WORK INSTRUCTION => Set down each entry exactly as given; pictures should not appear in the copy.

(Items from a data source)

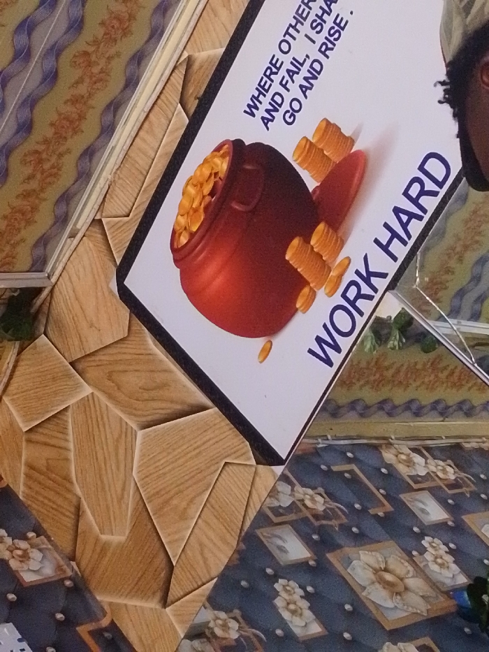 An interior scene in Enugwu-Ukwu, Nigeria, captured at an approximate 45-degree clockwise rotation. The primary subject is a rectangular motivational poster with a black border, set against a multi-patterned background. The poster has a white background. It features large, bold blue text vertically aligned on the right, reading "WORK HARD". Above this, smaller blue text reads "WHERE OTHERS AND FAIL, I SHA GO AND RISE." The central illustration depicts a reddish-brown pot overflowing with numerous gold-colored coins. Several stacks of gold-colored coins are positioned to the right of the pot, with a few individual coins scattered below. The upper-right portion of a person's head is visible at the extreme right edge of the frame. The individual has dark skin and textured dark hair, and is wearing a light-colored cap. The environment behind and around the poster consists of multiple patterned surfaces: 1. To the left of the poster, a light-brown surface displays a wood-grain pattern composed of interlocking, irregularly shaped geometric panels. 2. Above this wood-grain surface, a patterned wall or textile features horizontal wavy blue/purple stripes and an orange-brown floral or leaf design on a light beige background. 3. Below and to the right of the poster, a dark blue surface exhibits a repeating pattern of lighter beige/white floral designs enclosed within rectangular outlines, interspersed with small light blue circular dots. This surface appears glossy or reflective, showing faint reflections including hints of green foliage. No specific actions or interactions are depicted beyond the static display of the poster and the partial presence of an individual.
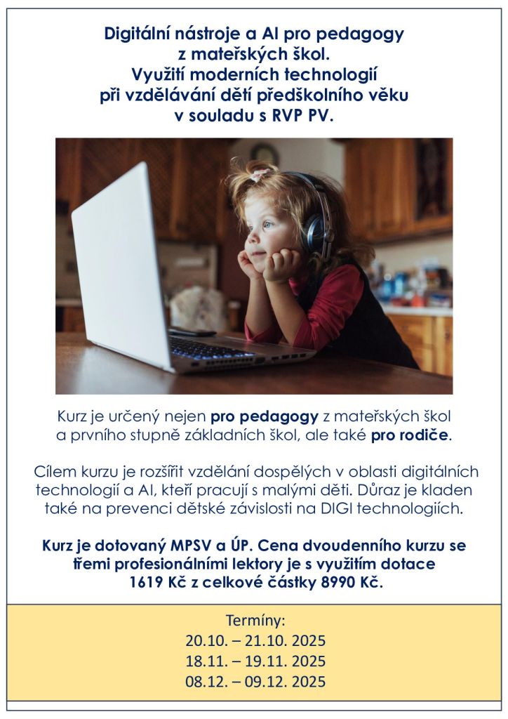 Digitální nástroje a AI pro pedagogy z mateřských škol a rodiče
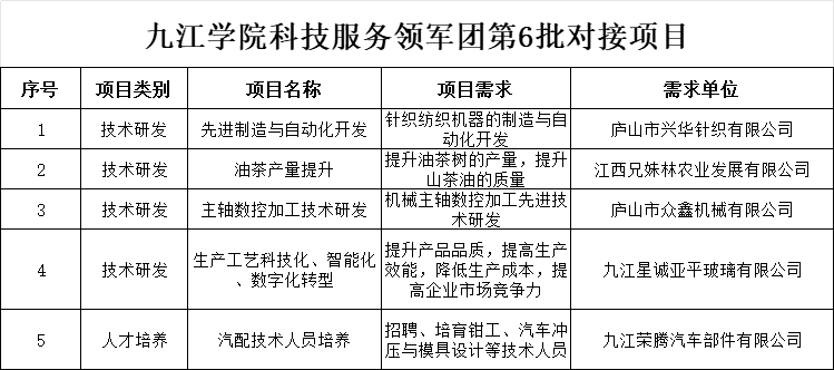 為貫徹落實(shí)《九江學(xué)院服務(wù)九江經(jīng)濟(jì)社會發(fā)展三年行動計(jì)劃(2024-2026)》(九院黨字〔2024〕66號)文件要求,通過科技服務(wù)領(lǐng)軍團(tuán)對廬山市經(jīng)濟(jì)社會發(fā)展相關(guān)需求進(jìn)行征集,確定以下5項(xiàng)為第6批社會服務(wù)項(xiàng)目,現(xiàn)面向全校發(fā)布項(xiàng)目信息。
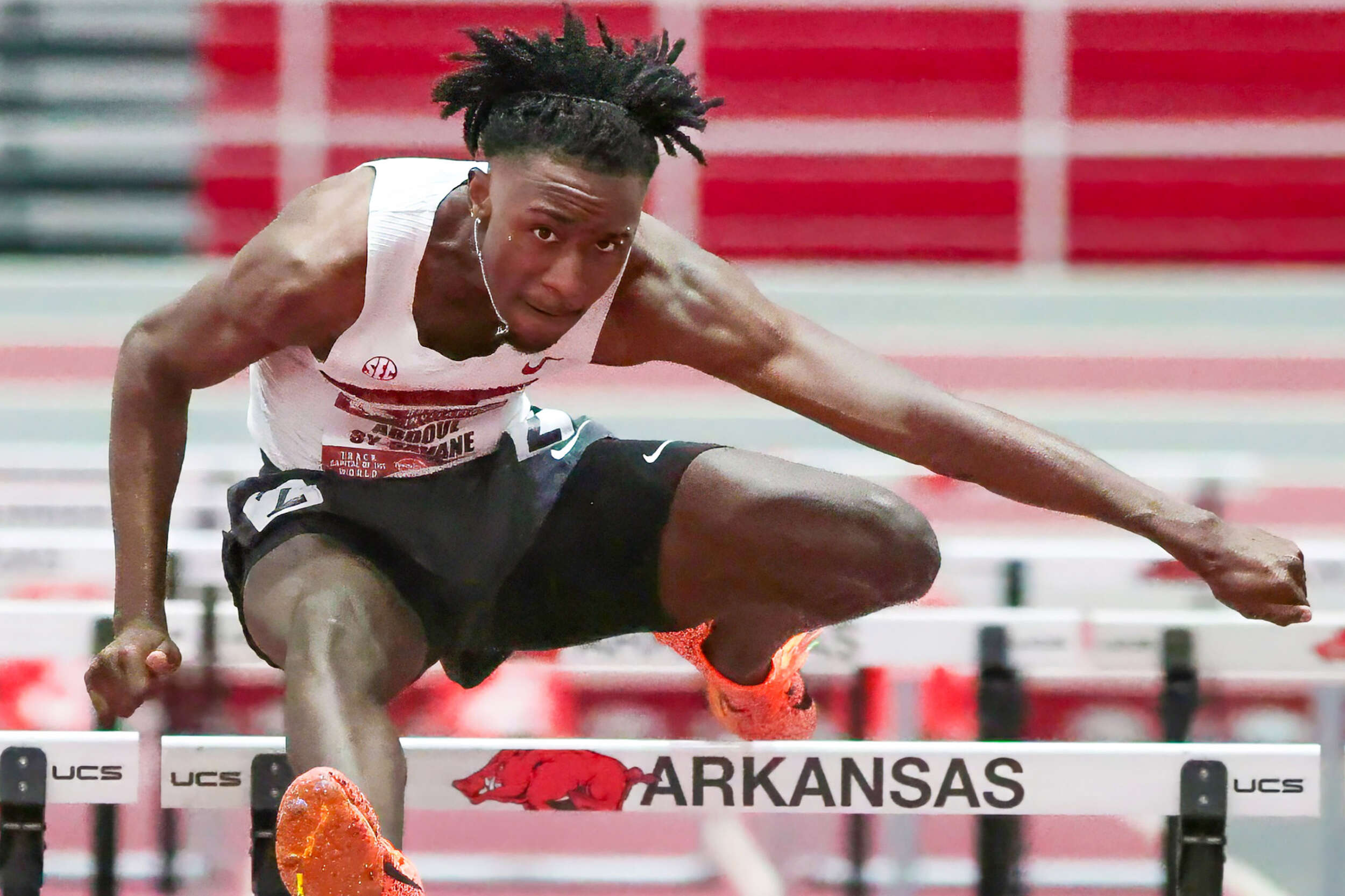 Sy-Savane equaled his career best of 7.68 to win the 60m hurdles at the Wooo Pig Classic by the narrowest of margins over teammate Karamoko Sacko, who also clocked 7.68 as runner-up. The difference between the pair of Razorbacks was 0.004 of a second.
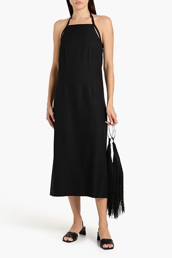 Shirred woven halterneck midi dress

RESPONSE =>
 An interior scene in Enugwu-Ukwu, Nigeria, captured at an approximate 45-degree clockwise rotation. The primary subject is a rectangular motivational poster with a black border, set against a multi-patterned background. The poster has a white background. It features large, bold blue text vertically aligned on the right, reading "WORK HARD". Above this, smaller blue text reads "WHERE OTHERS AND FAIL, I SHA GO AND RISE." The central illustration depicts a reddish-brown pot overflowing with numerous gold-colored coins. Several stacks of gold-colored coins are positioned to the right of the pot, with a few individual coins scattered below. The upper-right portion of a person's head is visible at the extreme right edge of the frame. The individual has dark skin and textured dark hair, and is wearing a light-colored cap. The environment behind and around the poster consists of multiple patterned surfaces: 1. To the left of the poster, a light-brown surface displays a wood-grain pattern composed of interlocking, irregularly shaped geometric panels. 2. Above this wood-grain surface, a patterned wall or textile features horizontal wavy blue/purple stripes and an orange-brown floral or leaf design on a light beige background. 3. Below and to the right of the poster, a dark blue surface exhibits a repeating pattern of lighter beige/white floral designs enclosed within rectangular outlines, interspersed with small light blue circular dots. This surface appears glossy or reflective, showing faint reflections including hints of green foliage. No specific actions or interactions are depicted beyond the static display of the poster and the partial presence of an individual.
 Digitální nástroje a AI pro pedagogy z mateřských škol a rodiče
 為貫徹落實(shí)《九江學(xué)院服務(wù)九江經(jīng)濟(jì)社會發(fā)展三年行動計(jì)劃(2024-2026)》(九院黨字〔2024〕66號)文件要求,通過科技服務(wù)領(lǐng)軍團(tuán)對廬山市經(jīng)濟(jì)社會發(fā)展相關(guān)需求進(jìn)行征集,確定以下5項(xiàng)為第6批社會服務(wù)項(xiàng)目,現(xiàn)面向全校發(fā)布項(xiàng)目信息。
 Sy-Savane equaled his career best of 7.68 to win the 60m hurdles at the Wooo Pig Classic by the narrowest of margins over teammate Karamoko Sacko, who also clocked 7.68 as runner-up. The difference between the pair of Razorbacks was 0.004 of a second.
 Shirred woven halterneck midi dress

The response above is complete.